"SONO ATTACCHI TERRORISTICI. È L'OFFENSIVA PIÙ GRAVE MAI AVVENUTA IN ITALIA" - NICOLA ZINGARETTI PROVA A FARE IL PUNTO DELL'ATTACCO HACKER AL SISTEMA DI PRENOTAZIONE DEI VACCINI DELLA REGIONE LAZIO. PER BLOCCARE IL VIRUS I TECNICI HANNO SPENTO IL SISTEMA E POTREBBERO VOLERCI SETTIMANE A RIPRISTINARE TUTTO. COM'È POTUTO SUCCEDERE? È STATA UNA TALPA? - IL MISTERO DEL RISCATTO ("ZINGA" HA DETTO CHE NON È STATO RICHIESTO) E QUELLO DEL MOVENTE: I PIRATI NON AVREBBERO AVUTO ACCESSO ALLA STORIA SANITARIA DEI CITTADINI INSERITI NEL DATABASE, MA SICURAMENTE HANNO IN MANO MOLTI DATI SENSIBILI. ANCHE QUELLI DI MATTARELLA E DI DRAGHI...
-
Zingaretti, è attacco terroristico
(ANSA) - ROMA, 02 AGO - "Stiamo difendendo in queste ore la nostra comunità da questi attacchi di stampo terroristico. Il Lazio è vittima di un'offensiva criminosa, la più grave mai avvenuta sul nostro territorio nazionale". Lo ha detto il presidente della Regione Lazio, Nicola Zingaretti.
"Non conosciamo la matrice dell'attacco e tutte le ipotesi sulla matrice sono al vaglio degli investigatori", ha poi precisato Zingaretti. Ha poi aggiunto che "la definizione (dell'attacco, ndr) non è dato saperla".
Attacco hacker: fonti,escluso accesso a storia sanitaria
(ANSA) - ROMA, 02 AGO - Gli hacker che hanno attaccato il Ced della Regione Lazio non avrebbero avuto accesso alla storia sanitaria dei milioni di cittadini che sono inseriti nel database del sistema sanitario regionale. Lo si apprende da qualificate fonti della sicurezza secondo le quali l'attacco, per quanto riguarda la parte sanitaria, ha colpito il sistema prenotazioni Cup e a quello delle prenotazioni vaccinali. Non ci sarebbe stato un travaso di dati sanitari, anche se i pirati sarebbero comunque entrati in possesso di diversi dati anagrafici. Non sarebbe stata toccata l'infrastruttura informatica che riguarda il bilancio e la protezione civile.
Quanto al riscatto, sottolineano sempre le fonti, i pirati informartici non avrebbero al momento quantificato la loro richiesta in maniera esplicita anche se, in casi analoghi avvenuti in altri paesi, le richieste sarebbero passate da poche centinaia di migliaia di euro fino a 10 milioni.
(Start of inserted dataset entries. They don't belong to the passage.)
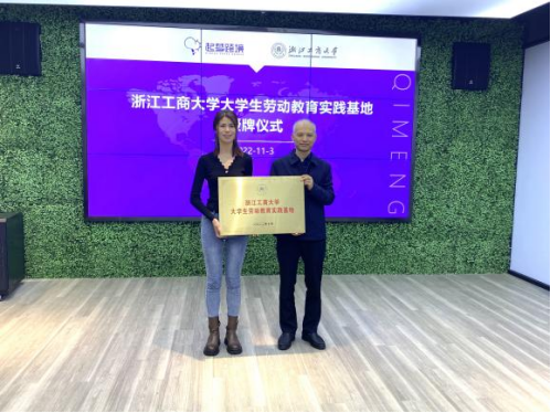 座谈结束后,伍蓓、许金根和刘波共同完成91视频 大学生劳动教育实践基地、中国(杭州)91视频 实习实践基地的授牌仪式。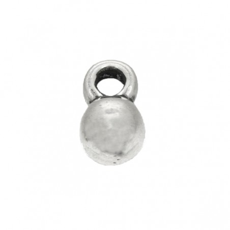 - Colgantito bola en zamak con baño de plata. - El tamaño es de 5 milímetros. - La bolsa contiene 10 unidades y el precio es por bolsa.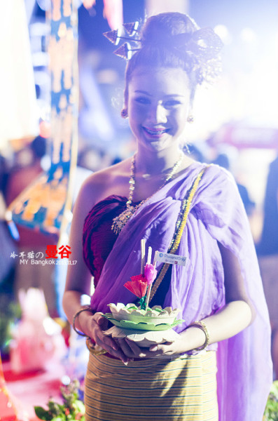 在泰国的传统节日中,最美丽的应该是“水灯节”(Loy Kra Thong)。如果说从4月份的“宋干节”,可以看出泰国人在“水战”中的疯狂,那么每年的11月份的“水灯节”,却充分体现着泰国青年男女旖旎的恋恋风情。因为每逢水灯节的夜晚,无论是城市或在乡镇,只要是频临河港或湖边的地方,水面上都会飘满水灯,闪亮着一片烛光,辉映着青年男女们双双的幸福靓影,而一片花香和轻快抑扬的“放水灯”歌声中,构成一个欢乐的水灯节之夜。[1]水灯节,是泰国民间最富有意义,且多含神话的节日,在每年之泰历十二月十五日夜晚间举行(公历11月)。在这雨季过后的这一时期,泰国正是河水高涨,月儿清辉的美好季节。按照泰国传统习俗,泰国人将在水灯节当天将亲手制作的水灯放入河流中,以寄托心中美好的愿望和祝福。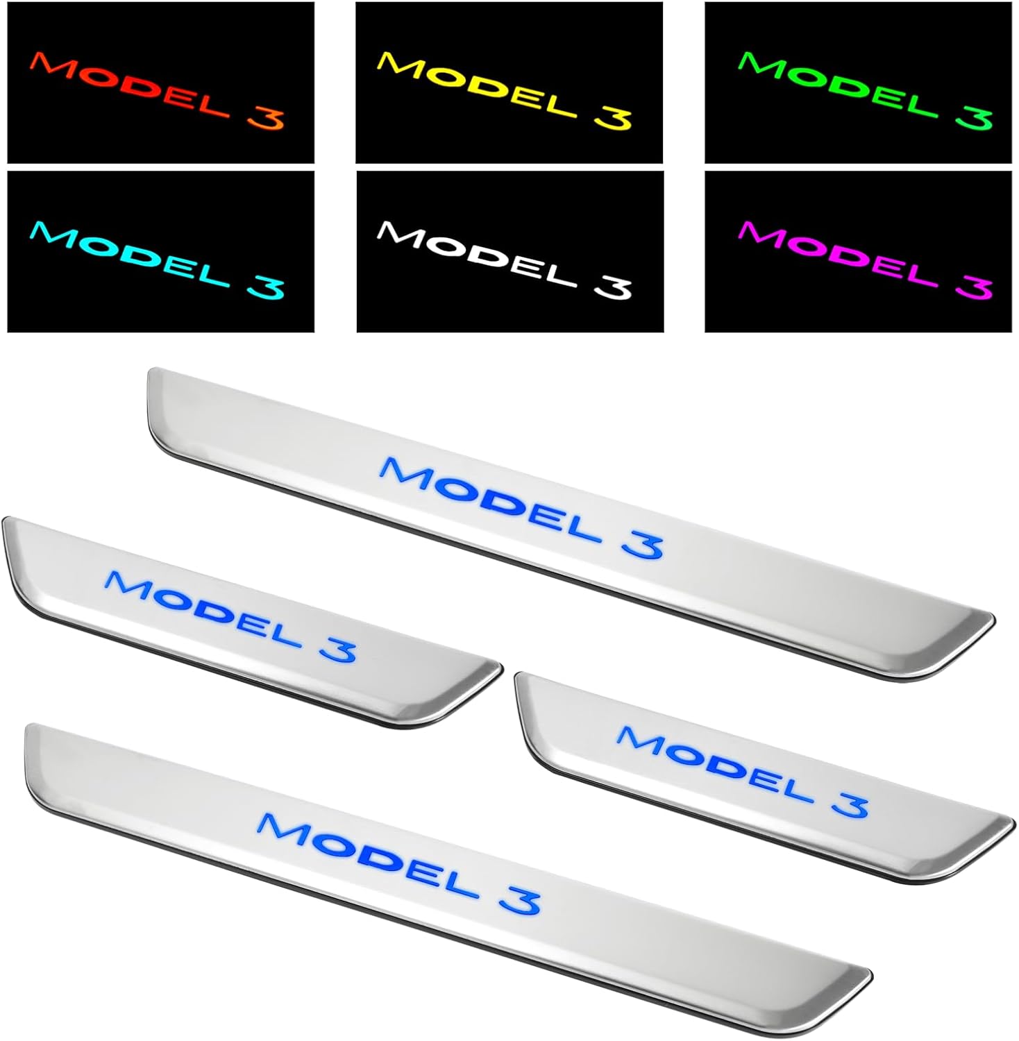 LED Door Sill Lights for Tesla Model 3 2017-2025 Accessories, ABS Scratch-Resistant Sill Protector with 7-Color RGB Lighting, Battery Powered Model 3 Pedal Mood Lamp, Silvery, 4PCS

Per entrare nei sistemi, gli hacker avrebbero utilizzato le credenziali di un amministrativo sul quale sarebbero già stati svolti accertamenti che avrebbero escluso ogni sua responsabilità.
Attacco hacker: non formalizzata richiesta riscatto
(ANSA) - ROMA, 02 AGO - "Non è stata formalizzata alcuna richiesta di riscatto rispetto a quanto è avvenuto". Così il presidente del Lazio, Nicola Zingaretti, in merito all'attacco hacker al Ced della Regione e alle notizie che erano emerse nelle ultime ore riguardo ad una richiesta di riscatto da parte dei pirati informatici. (ANSA).
Regione, indagini per capire modalità furto password
(ANSA) - ROMA, 02 AGO - "Tutti i protocolli di sicurezza da parte delle figure professionali e dei sistemisti sono stati rispettati. Non c'è stato nessun tipo di alleggerimento. Come gli hacker siano entrati in possesso di credenziali per avere privilegi è motivo di indagini". Così i tecnici della Regione Lazio in merito alla modalità con cui gli hacker si sono infiltrati nel sistema per sferrare un attacco informatico al Ced della Regione.
Attacco hacker: esperto, in blitz così anche ipotesi talpa
(ANSA) - ROMA, 02 AGO - "L'idea che ci siamo fatti al Clusit è che l'attacco hacker contro la Regione Lazio si configuri esclusivamente come attività criminale, non legata ad aspetti di tipo ideologico. Niente no vax ma cybercrime puro, finalizzato ad ottenere un riscatto in forma di bitcoin. Non ci sono evidenze di attività di social engineer e phishing, quindi dietro tutta la storia potrebbe esservi una persona che conosce bene i sistemi della Regione, con una consapevolezza tecnica ben specifica.
Non sorprenderebbe l'esistenza di una talpa, anche esterna. Visto l'interesse sui vaccini, ulteriori attacchi sono attesi un po' ovunque, dentro e fuori dal Paese". Lo dice all'ANSA Gabriele Faggioli, presidente del Clusit, l'Associazione italiana per la sicurezza informatica.
"Il fatto di cronaca rende ancora più importante l'ipotesi di un cloud nazionale - aggiunge l'epserto - con l'opportunità di accentrare le infrastrutture e le applicazioni critiche. In questo modo si potrà creare un network difensivo aggiornato e pronto a rispondere agli attacchi, prevenendoli.
Anche perché gli aggressori hanno strumenti informatici più avanzati di chi si difende ed è la collaborazione che può fare la differenza. Non è un caso se si sia preso di mira un sito oggi fondamentale per una parte di popolazione italiana, dove la necessità di tornare preso operativi è la priorità. Pagando per un riscatto si alimenta quel circolo vizioso che tiene in piedi l'economia dei ransomware. Sin da marzo 2020, il mondo sanitario è stato messo pesantemente sotto attacco. Ai criminali non interessa fermare questo o quel vaccino, ma solo recuperare quanti più soldi possibili. Lo scenario legato alla pandemia è quello che porta maggiori vantaggi ed è lì che continueranno a rivolgersi nel prossimo futuro", conclude Faggioli.
1. Da Ansa.it
«Stiamo difendendo in queste ore la nostra comunità da questi attacchi di stampo terroristico. Il Lazio è vittima di un'offensiva criminosa, la più grave mai avvenuta sul nostro territorio nazionale». Lo ha detto il presidente della Regione Lazio, Nicola Zingaretti.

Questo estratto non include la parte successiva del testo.